I think there is a fundamental difference between the imaginary construct of a clock moving at c in space, and the imaginary construct of angels dancing on a pin. Proper time is a well-defined quantity in SR, and we know that those proper times which correspond to time-like intervals can always be (in principle) measured by means of a clock in the rest frame. Given that, the construct of a clock moving at c involves a reasonable extrapolation of the theory. In contrast, angels dancing on a pin do not involve a reasonable extrapolation of any accepted physical theory because none of them use angels as a conceptual building block.

I think that all but equating these two constructs, which are dissimilar in an essential way, is the sort of response which deflects from the issue I am raising. However, I am heartened by your question:

"Do you have a good reason why anyone should consider such a transformation in the first place, let alone try to draw any conclusions from it, infinities and all?"

The fact that you are asking me this indicates to me that you are at least willing to consider the issue, and for that I am grateful.

The short answer is: yes, because not doing so is not scientific.

However, in order for the short answer to make sense I will have to give a somewhat longer answer. First, let me clarify that by "considering such a transformation" I do not mean that such a transformation is possible, or that its current description in terms of infinities is false, or anything like that. In fact, I think we agree on all matters of fact pertaining to SR, and even on the immediate inferences that can be drawn from them. For example, I completely agree with your statement:

"If that doesn't include the invariant number-of-cycles, then it's not a frame in which one can discuss our universe." provided you are willing to substitute "spacetime rest frame" for "frame" (I believe you would be ok with that, if not, please correct me).

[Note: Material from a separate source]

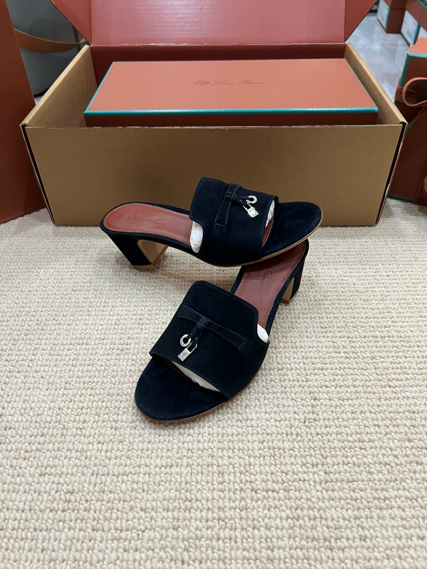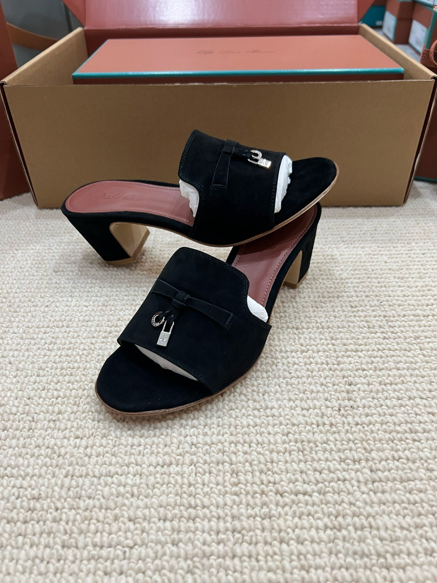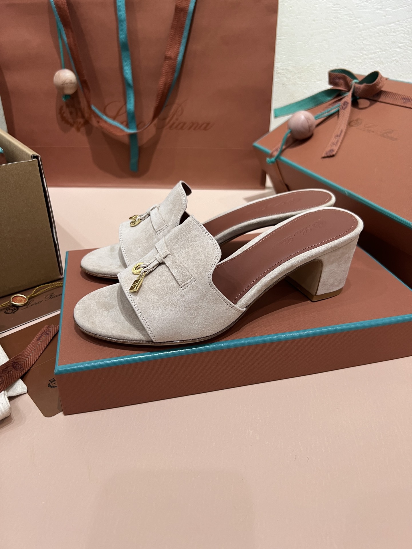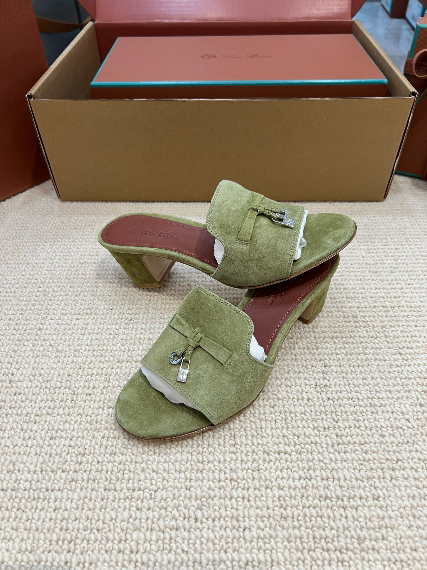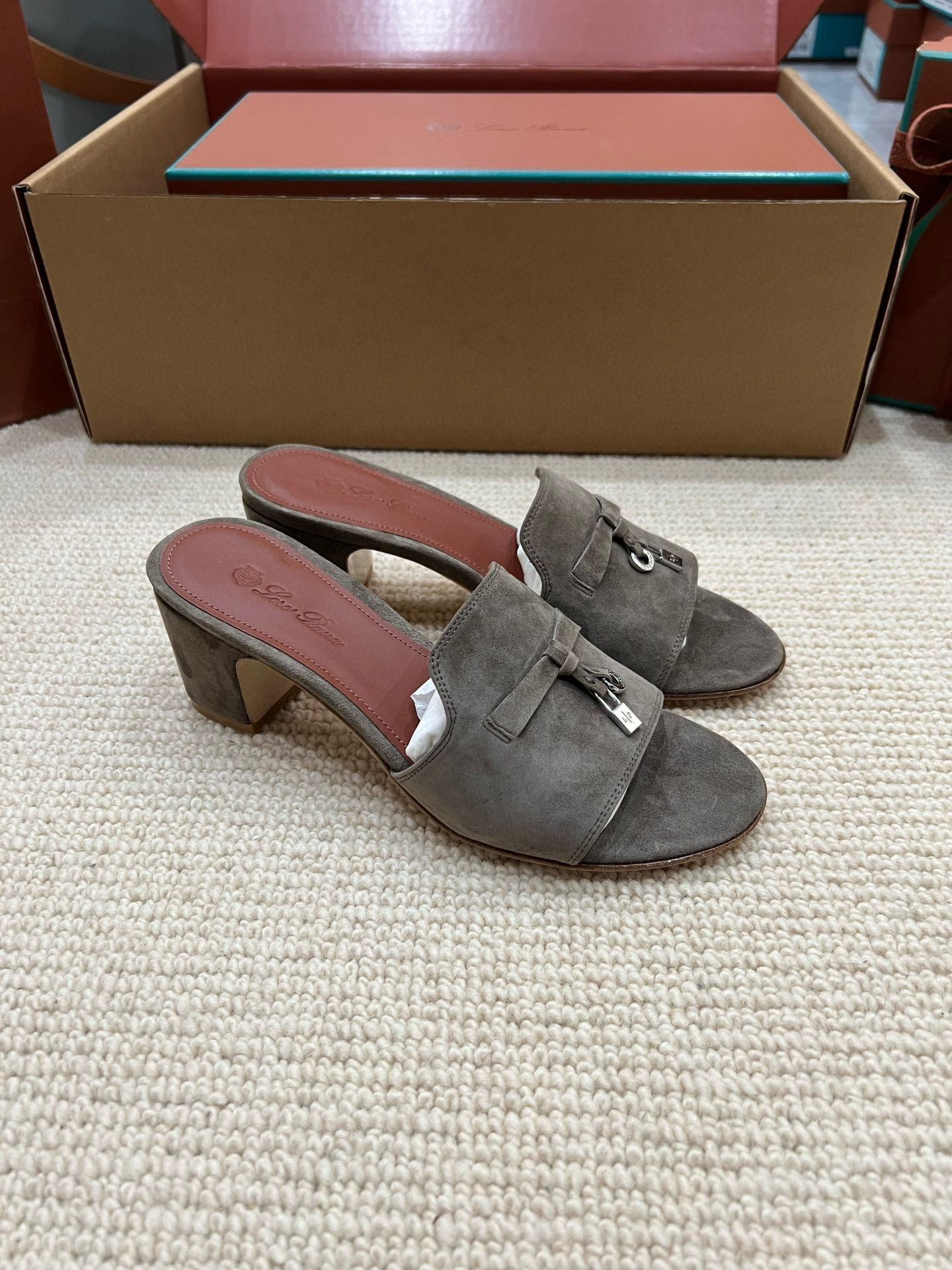 NIGO Loro Piana Summer Charms Women's Mid Heel Sandals Sheepskin Temperament Solid Color Slippers Vacation Style Luxury Comfort Women's Shoes #nigo81118

Where we part ways (or, more generally, where I seem to part ways with most other physicists) is on the question of whether these immediate inferences constitute the end of the line of inquiry. I believe they do not. Let me try to articulate the issue as clearly as I can:

According to SR, objects associated with c in space cannot be associated with rest frames in spacetime, a direct consequence of the speed of light postulate. If one tried nevertheless to imagine what it would be like to associate a hypothetical rest frame with an object described by v=c, then a reasonable extrapolation of the mathematics of SR indicates that all events separated in time would in such a frame be compressed to a point. This implies that an observer in such a hypothetical frame would "observe" the moment of his "coming into existence" to be the exact same as the moment of his "going out of existence" (say emission and absorption of a photon), which implies that an observer in such a frame would observe his own duration of existence in spacetime to be exactly zero. Now, this is NOT a problem yet.

The difficulty appears when one considers how we would use this extrapolation if we did not already know that there are in fact, in the real world, entities associated with v=c. Surely, in that case we would interpret this extrapolation to mean that objects associated with v=c do not exist, and consider any of the relevant reasonable extrapolations as theoretical evidence for that. The problem is that such objects do in fact exist, and their existence seems to run counter to what we would have taken as a prediction of the theory had we not already known of their existence (this is what I labeled as the "existence paradox" where "paradox" is meant in the sense of a puzzle which is counterintuitive but still consistent with the theory).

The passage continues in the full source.